▶ Provided data:

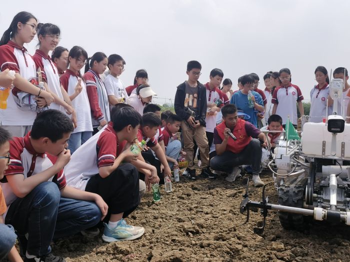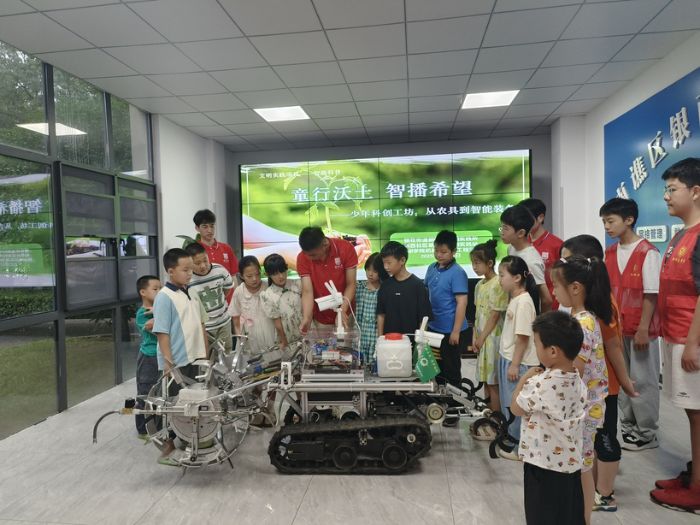 实践团队师生带着自主研发的播种机走进耘泰慧谷农乐园、银西社区等多地,面向小学生开展“小小农机师”科普活动。队员们将复杂的农机原理转化为趣味实验,让孩子们在游戏中理解智慧农业。这些带着泥土清香的科普课,这种沉浸式的科技启蒙,既传承了农耕文化,又点燃了青少年探索科学的热忱,正孕育着乡村振兴的新希望。
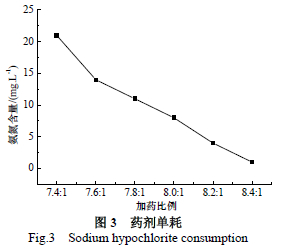 通過實驗可看出,在氨氮低于100 mg/L 的原水中,按m(Cl2)∶m(NH4+)=8.0∶1,處理效果好,可達到排放要求?紤]到水質(zhì)可能有所變動和次氯酸鈉的不穩(wěn)定性,因此生產(chǎn)上建議采用最佳的藥劑質(zhì)量比為m(Cl2)∶m(NH4+)=8.0∶1~8.2∶1 之間,雖藥劑量越大處理效果越好,但這樣不僅造成成本增加,更有可能會使水中余氯增多,導(dǎo)致二次污染。
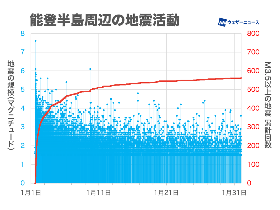 細かい地震も加えた地震の発生状況を見ても、1月下旬以降は顕著な減少傾向が見られずマグニチュード3〜4程度の地震は頻発しています。気象庁は1月29日、震度5弱以上の地震が起きる確率について、通常時の50倍程度になっていると発表しました。
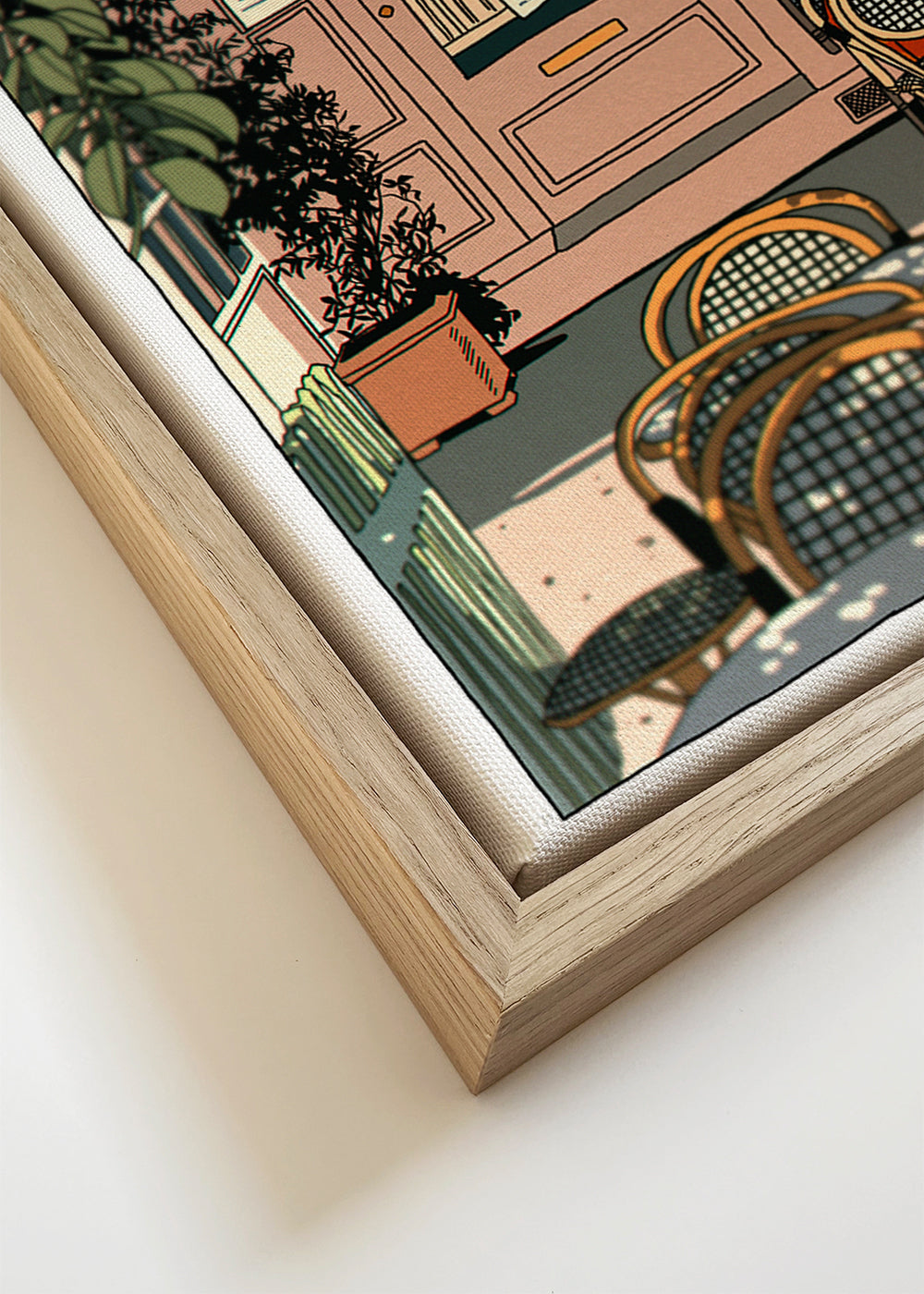 Alle unsere Rahmen werden in Spanien hergestellt. Die weißen, schwarzen und Eichenrahmen sind aus Ayous-Holz gefertigt, und die Eichenrahmen sind mit Eiche furniert, während die metallischen Rahmen aus Aluminium sind.
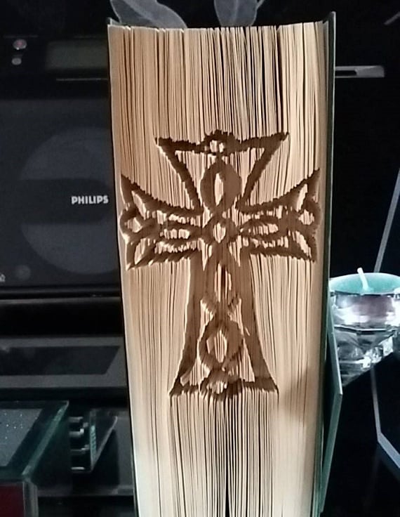 This listing is for a book folding pattern that enables you to create a book with the design pictured. Can be folded as an inset, a raised or a combi as shown in the images. A free written tutorial is included to guide you through the folding process.
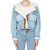 Veste courte en denim laine d'agneau pour femme, vêtement chaud épais à simple boutonnage, à la mode, personnalité, nouvelle collection hiver 2021
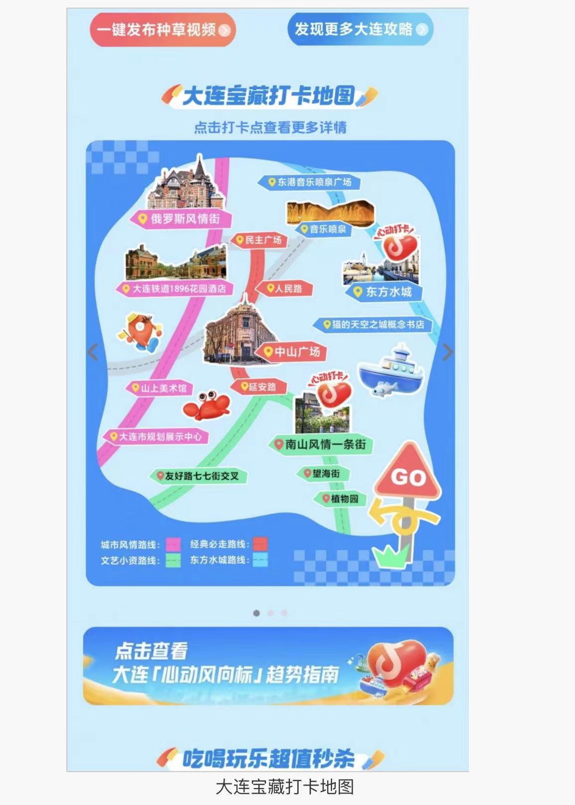 線上推廣方面,大連市文化和旅游局與抖音生活服務(wù)共同搭建“心動(dòng)大連”話題頁(yè)與“活動(dòng)主會(huì)場(chǎng)”頁(yè)面,聚合達(dá)人、用戶、媒體的多樣化內(nèi)容以及本地精選文旅商家,集中推廣大連文旅資源和特色消費(fèi)場(chǎng)景。費(fèi)啟鳴、婁藝瀟、喜劇人大鎖等多位大連籍明星藝人,受邀作為“心動(dòng)大連推薦官”為大連文旅打Call。活動(dòng)將發(fā)起“心動(dòng)直播周”促消費(fèi)專場(chǎng)直播,設(shè)定周播主題,宣傳城市吃喝玩樂(lè)特色內(nèi)容?;顒?dòng)還將結(jié)合大連文旅特色以及中秋節(jié)點(diǎn),發(fā)起“海邊的大連有多浪漫”“中秋來(lái)大連實(shí)現(xiàn)海鮮自由”等熱門話題造勢(shì)。(抖音)
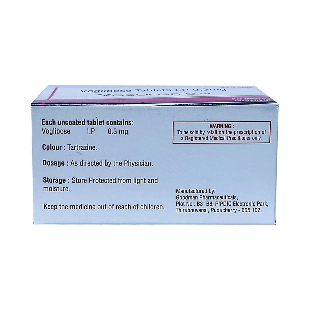 Vogliron 0.3mg Tablet MD is a medicine used to treat type 2 diabetes mellitus. It helps control the high blood sugar levels in your body after each meal. It is used when other similar medicines along with a restricted diet, are unable to control abnormally high blood sugar levels. Vogliron 0.3mg Tablet MD should be taken just before a meal. The dose and how often you need it will be decided by your doctor so that you get the right amount to control your blood sugar levels. Do not stop taking it suddenly without consulting your doctor. If you do, your blood sugar levels may increase and put you at risk of serious complications like kidney damage and blindness.This medicine is only part of a treatment program that should also include a healthy diet, regular exercise, and weight reduction as advised by your doctor. Monitor your blood sugar levels regularly while taking this medicine.The most common side effects of Vogliron 0.3mg Tablet MD include flatulence (gas), stomach pain, loss of appetite, constipation, and diarrhea. Consult your doctor if any of these side effects bother you or do not go away. This medicine by itself does not cause hypoglycemia (low blood sugar levels). However, when used in combination with other diabetes medicines (especially insulin or sulphonylureas), it can lead to hypoglycemia (low blood sugar levels). Such episodes of hypoglycemia will have to be treated by taking plain glucose. Table sugar or common sugar will not help correct low blood sugar levels if you are taking this medicine.Before taking it, let your doctor know if you have any kidney or liver problems. Do not take this medicine if you have ulceration or inflammation in the bowel (eg. ulcerative colitis or Crohn’s disease). Pregnant or breastfeeding women should also consult their doctor before taking it. Please tell your doctor about all the other medicines you are taking to make sure you are safe. Avoid excessive alcohol intake while taking this medicine as it may increase the risk of hypoglycemia (low blood sugar levels).
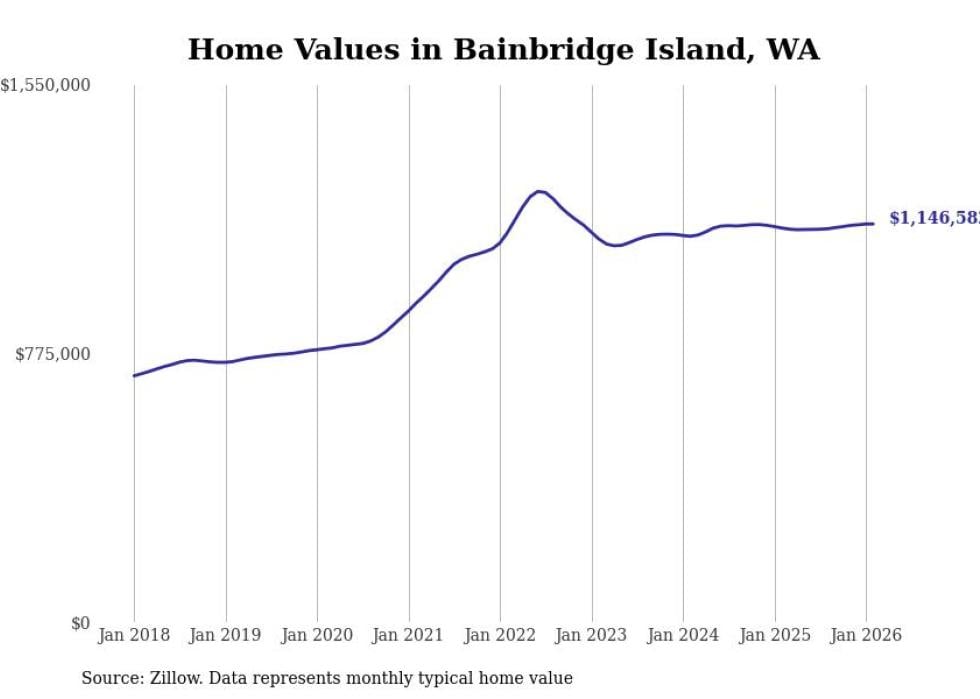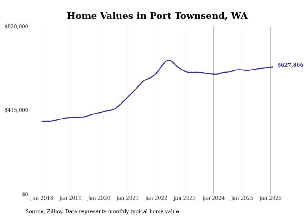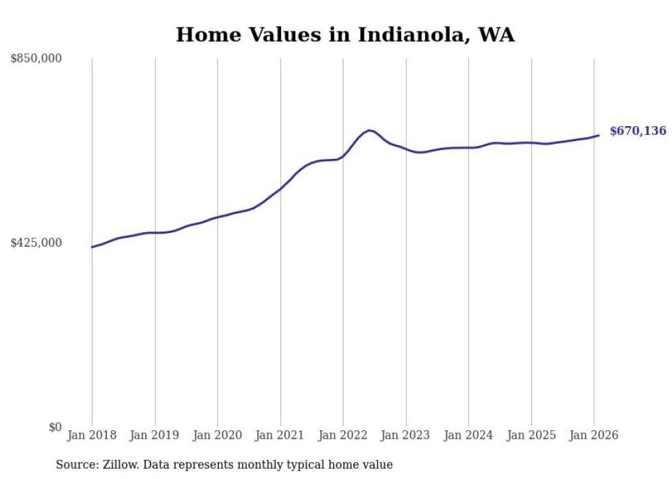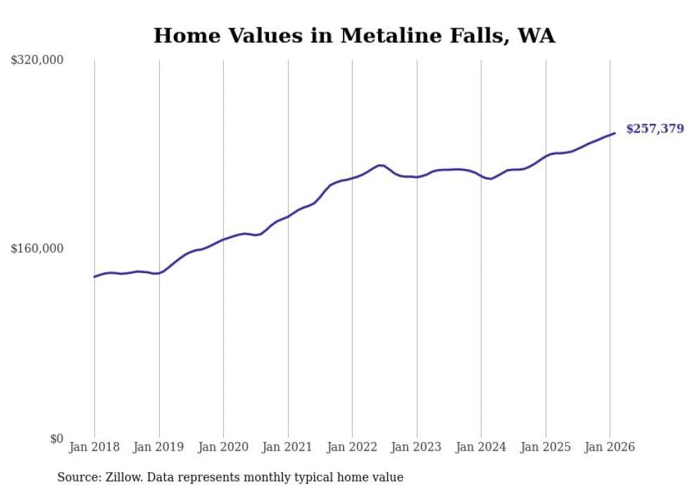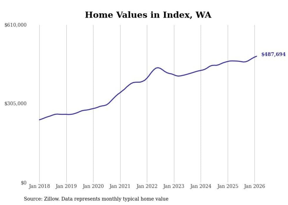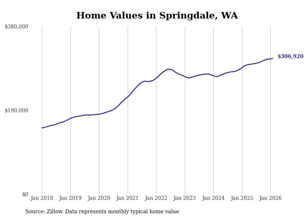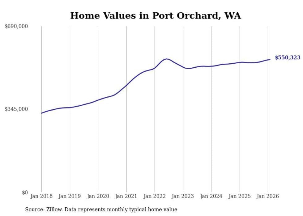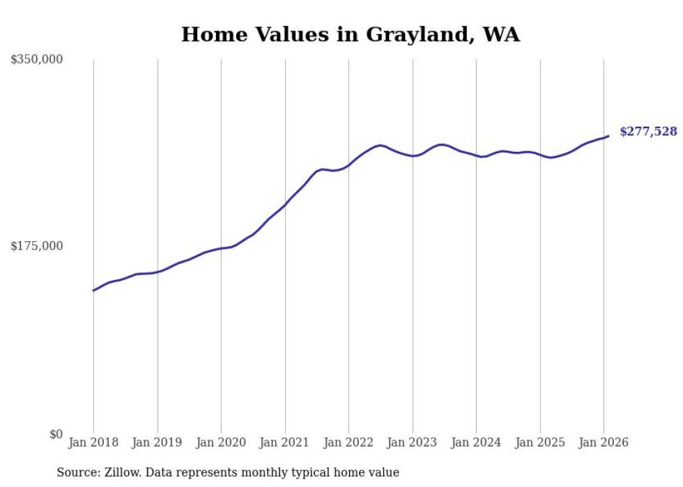 Stacker compiled a list of cities with the fastest-growing home prices in Washington using data from Zillow. Cities are ranked by the dollar change in the Zillow Home Values Index for all homes from the 12 months ending February 2026. The charts in this story were created automatically using Matplotlib. Data was available for 50 cities and towns in Washington.
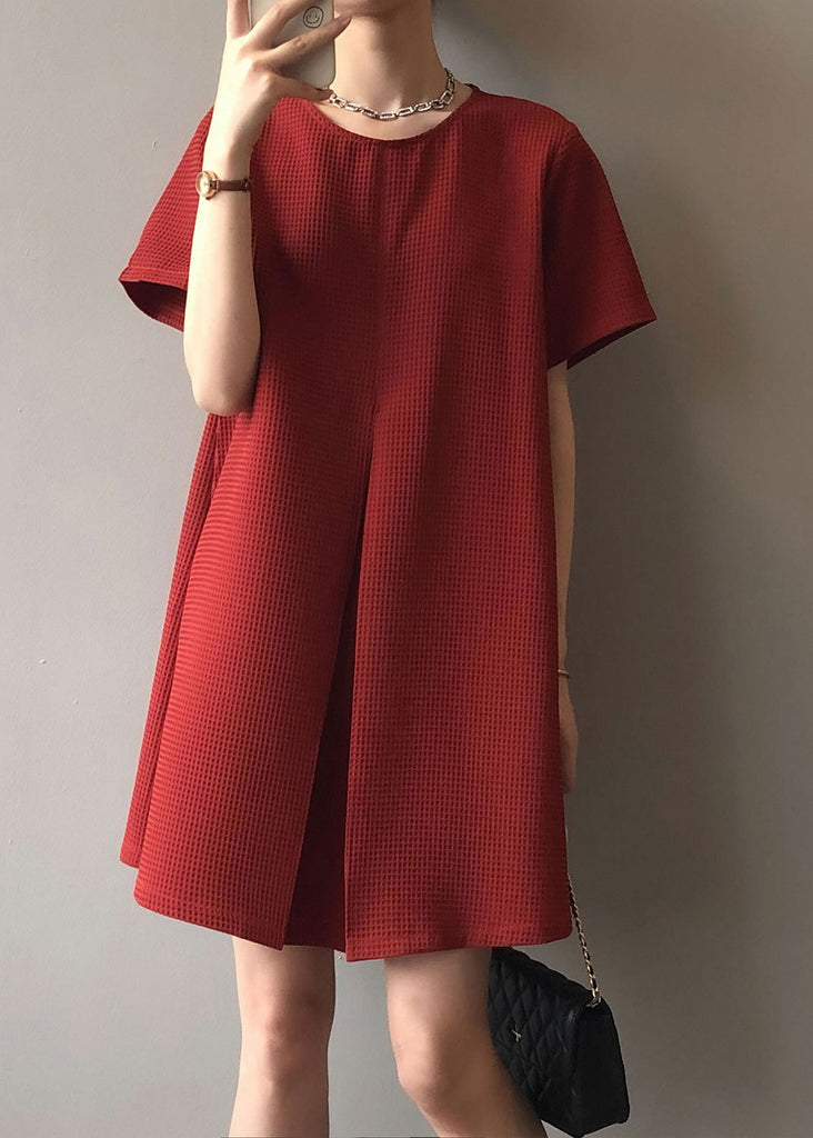 DIY New Red O Neck Cotton A Mid Dresses Summer AF1008
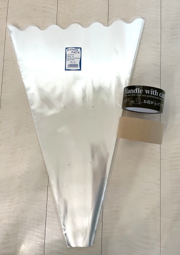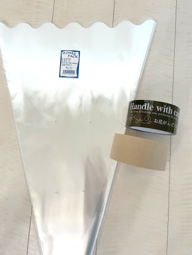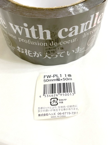 | ワイヤーは束ねてフラワーパックへ。フラワーテープは1m程度 お分けしていれていますが、スタート時に一巻ご購入いただくのでもOKです。 | 「お花がはいっています」のテープの品番です。 このテープで梱包するのではなく、【お花が入っています】の部分だけカットして、荷物に貼ってメッセージとして使用しています |

▶ Activity:
After locating the line with "Stacker compiled a" in the listing above, transcribe it and every line after it to the last, exactly, with no pictures.

▶ Solution to this task:
 Stacker compiled a list of cities with the fastest-growing home prices in Washington using data from Zillow. Cities are ranked by the dollar change in the Zillow Home Values Index for all homes from the 12 months ending February 2026. The charts in this story were created automatically using Matplotlib. Data was available for 50 cities and towns in Washington.
 DIY New Red O Neck Cotton A Mid Dresses Summer AF1008
 | ワイヤーは束ねてフラワーパックへ。フラワーテープは1m程度 お分けしていれていますが、スタート時に一巻ご購入いただくのでもOKです。 | 「お花がはいっています」のテープの品番です。 このテープで梱包するのではなく、【お花が入っています】の部分だけカットして、荷物に貼ってメッセージとして使用しています |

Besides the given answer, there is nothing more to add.